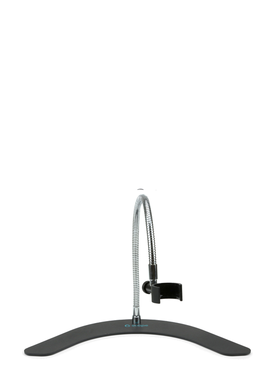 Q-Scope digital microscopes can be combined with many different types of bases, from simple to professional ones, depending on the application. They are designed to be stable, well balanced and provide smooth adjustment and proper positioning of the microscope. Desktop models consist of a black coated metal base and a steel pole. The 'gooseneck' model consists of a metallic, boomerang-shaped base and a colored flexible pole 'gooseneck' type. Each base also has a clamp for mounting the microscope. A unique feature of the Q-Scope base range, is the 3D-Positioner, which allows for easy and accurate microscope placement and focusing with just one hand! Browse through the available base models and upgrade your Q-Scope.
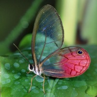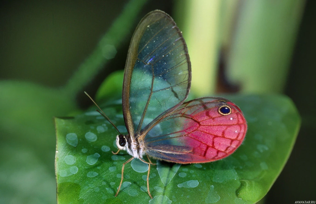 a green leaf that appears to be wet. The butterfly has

◇ ◇ ◇ ◇ ◇ ◇ ◇

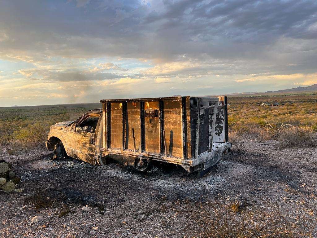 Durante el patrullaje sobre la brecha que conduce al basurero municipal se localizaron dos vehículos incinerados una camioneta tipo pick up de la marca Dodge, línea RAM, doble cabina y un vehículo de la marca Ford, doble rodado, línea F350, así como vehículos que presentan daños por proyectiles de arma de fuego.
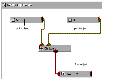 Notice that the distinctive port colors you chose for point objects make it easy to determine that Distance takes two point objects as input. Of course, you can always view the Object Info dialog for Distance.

◇ ◇ ◇ ◇ ◇ ◇ ◇

▶ _Exercise objective_: In the entries above, find the line that contains "Q-Scope digital microscopes" and the line that contains "a green leaf". Reproduce exactly those two lines and every line between them, but not the pictures.

▶ _Written answer_:
 Q-Scope digital microscopes can be combined with many different types of bases, from simple to professional ones, depending on the application. They are designed to be stable, well balanced and provide smooth adjustment and proper positioning of the microscope. Desktop models consist of a black coated metal base and a steel pole. The 'gooseneck' model consists of a metallic, boomerang-shaped base and a colored flexible pole 'gooseneck' type. Each base also has a clamp for mounting the microscope. A unique feature of the Q-Scope base range, is the 3D-Positioner, which allows for easy and accurate microscope placement and focusing with just one hand! Browse through the available base models and upgrade your Q-Scope.
 a green leaf that appears to be wet. The butterfly has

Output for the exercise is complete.